Find the largest value among all threads result In CPU or GPU?

I need to find the largest value among all the threads results. Suppose each thread comes up with a float value as a result, what is the best way to find out which one is the largest? Shoudl I transfer all data to CPU and let CPU to handle this? I noticed it is very time consuming to copy data from device memory back to CPU.

Thank you,

A follow-up question is: if I do find this largest value among all threads, and want to return this value to CPU. Do I still have to allocate one float space in device memory and copy it from device memory to host memory? Is there a faster way?

I think it depends on what you want to do with it? If you never want to use it on the CPU you don’t have to transfer it back to the host. And for your first question. I think it is very hard to find the largest value inside the kernel because than the threads needs to depend on each other. And how I see it, that is something you don’t want to have, right?

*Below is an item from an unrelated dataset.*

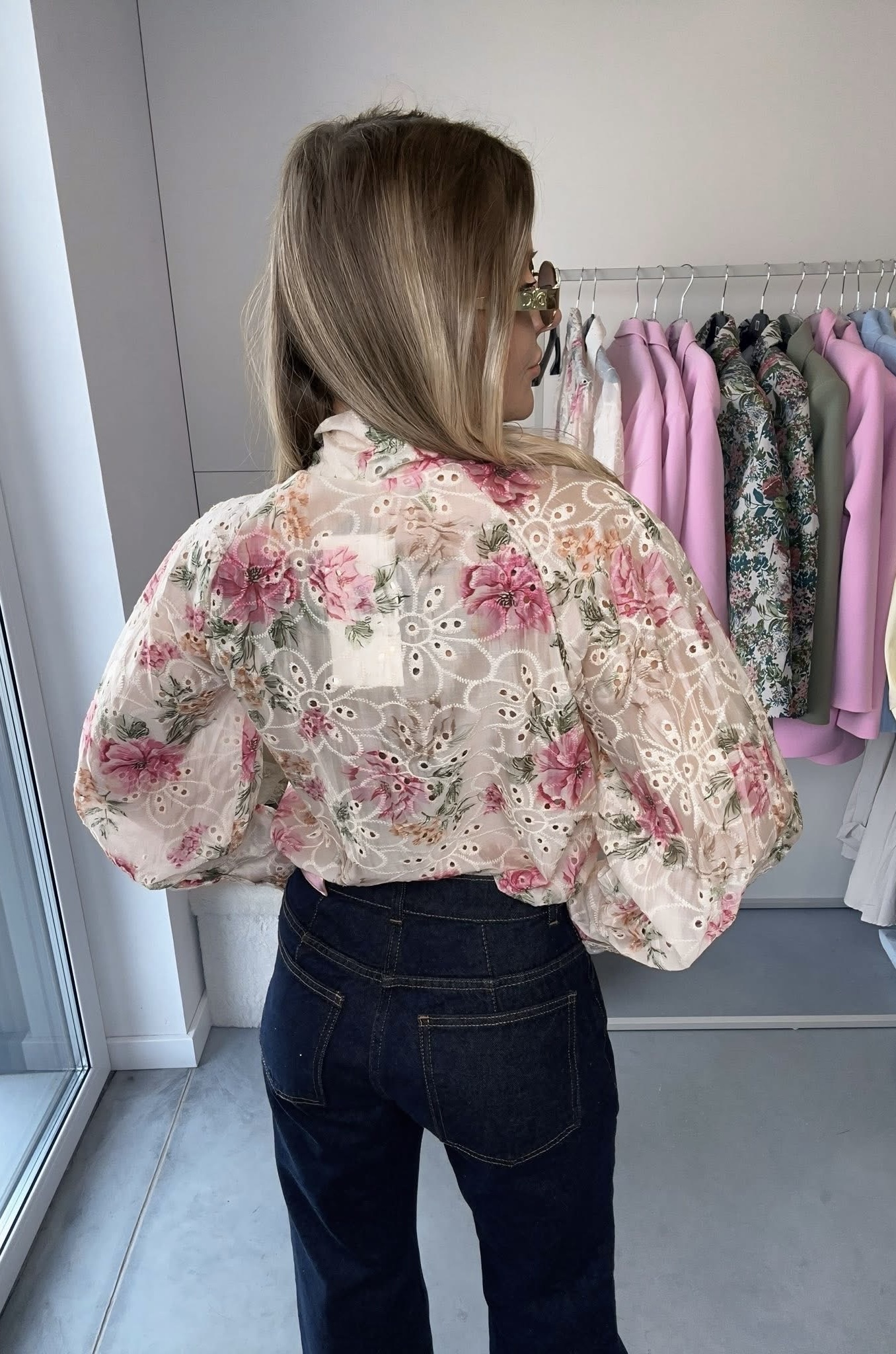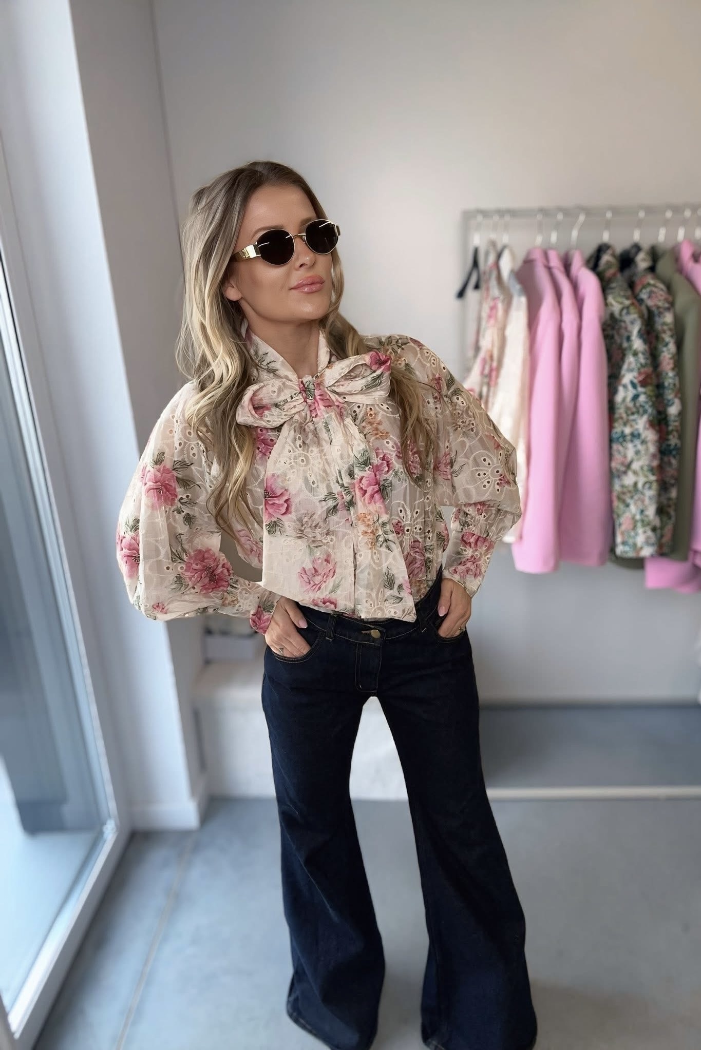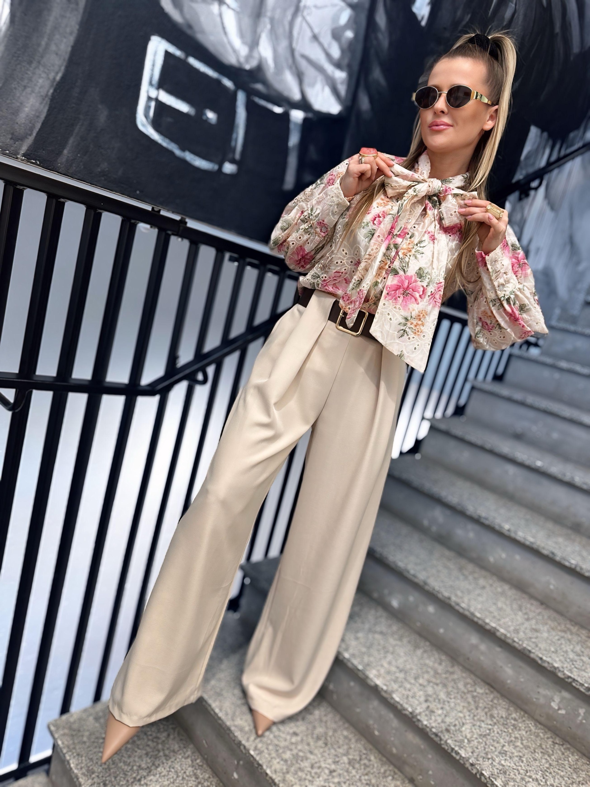 Koszula ażurowa z kokardą Rossa to niezwykle kobiecy model inspirowany włoskim stylem i subtelną elegancją. Delikatny, kwiatowy print w odcieniach różu i beżu w połączeniu z ozdobnym haftem nadaje jej wyjątkowego, romantycznego charakteru. Najbardziej przyciągającym uwagę elementem jest efektowna wiązana kokarda przy szyi, która pięknie podkreśla stylizację i dodaje jej szyku.

Just take a look at the reduction sample in SDK, please.

But a reduction is not the largest value of the array but an Accumulated value. Or am I wrong?

Just change the reduction example to do max() instead of +, think about what the example is doing and you will see that it works.

Reduction approach works for any associative operator. Also, check out the CUDA Data Parallel Primitives (, there may already be a funtion that you need.


Thanks to all. Here is what I did:

p1 = THREADS; // keep the middle index

	while (p1 > 1)


  p1 = rintf(p1 * 0.5f);  // divided by 2, rounded to the nearest integer

  if( (threadIdx.x < p1) && (s_solutions[threadIdx.x] < s_solutions[threadIdx.x+p1]) )


  	// push the bigger element to the first half

  	s_solutions[threadIdx.x] = s_solutions[threadIdx.x+p1];  



As a result, s_solutions[0] will be the largest value.

Unfortunately CUDPP currently only has max-scan, not max-reduce. In fact it doesn’t have any reductions yet – it’s on our todo list!